下のチャートは基本的なcDNAアレイ解析の流れを示します。始めに、分析したいデータをアップロードし、Simbiotデータベースにサブミットします。

サブミット後、Rowデータマトリックス(RDM)を作成するためにデータをエクスポートします。Illumina社 のマイクロアレイのみScaledデータマトリックス(SDM)作成のため、データのスケール化が可能です。Affymetrix社のチップは自動的にlog base 2 (log2)変換されます。スケール化後は様々な正規化機能を利用してNormalizedデータマトリックス(NDM)を作成できます。Normalizedデータマトリックスはそのまま解析に用いることもできますし、pathwayやgene ontology、その他の条件でフィルターをかけて、目的の遺伝子を解析することもできます。

SNP データ解析

SNPマイクロアレイの解析プロセスも同様の過程で行います:


Affymetrix社のチップはスケールの変換と正規化を自動的に行います。Illumina社のマイクロアレイはエクスポート後に正規化を行う必要があります(様々なパラメータを使うことができます)。エクスポートおよび任意による正規化の後、データはbuilt-in peer-reviewedアルゴリズムを用いて解析することができます。また、様々な条件でデータをフィルターにかけて、目的のデータだけを解析することもできます。


プロセスとステータス

Simbiotは非同期性のシステムです。ユーザーがリクエストを作成すると、リクエストはキューに並べられ、システムが稼動可能な段階になった時に実行するようにスケジュールを組みます。通常、どのようなリクエストでも以下のようなステータスに置かれます。

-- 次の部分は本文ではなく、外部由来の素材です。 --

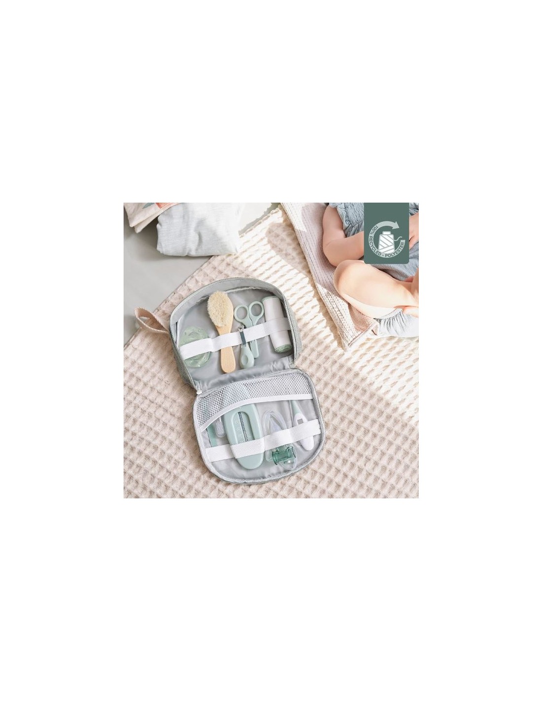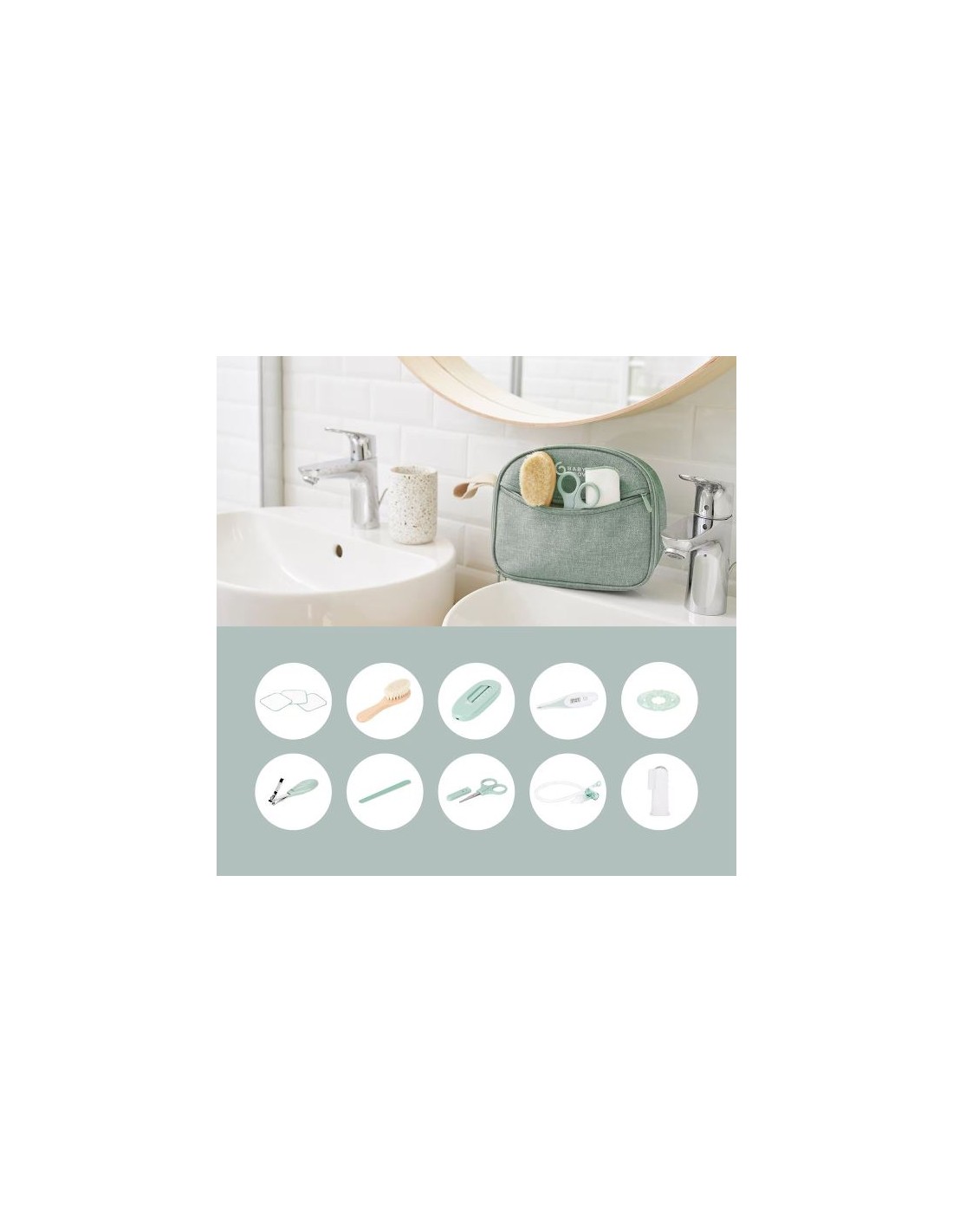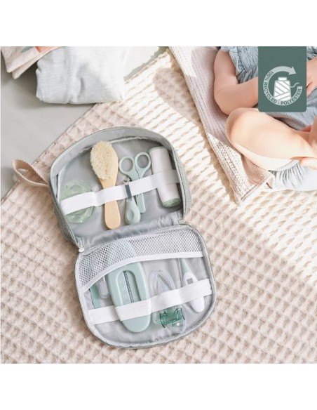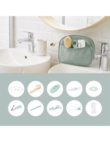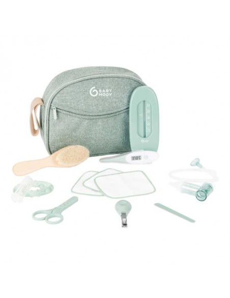 10 accesorios esenciales para el cuidado de tu bebé: termómetro digital con punta flexible, aspirador nasal (con depósito antirretorno para las secreciones), cortaúñas, tijeras de punta redondeada, lima de uñas, termómetro de baño, anillo de dentición refrigerable, cepillo suave de madera FSC® y pelo de cabra, 3 toallitas reutilizables de algodón, cepillo de dientes de primera edad

  1. ペンディング: リクエストを受け付け、待機しています
  2. 実行中:    リクエストを実行しています
  3. 完了:     リクエストが完了しました
  4. エラー:    リクエストの実行ができません

リクエストの状況は「オブジェクトの詳細」のページに全プロジェクトリストと共に表示されます。さらに、ステータスがカラーで表示されます。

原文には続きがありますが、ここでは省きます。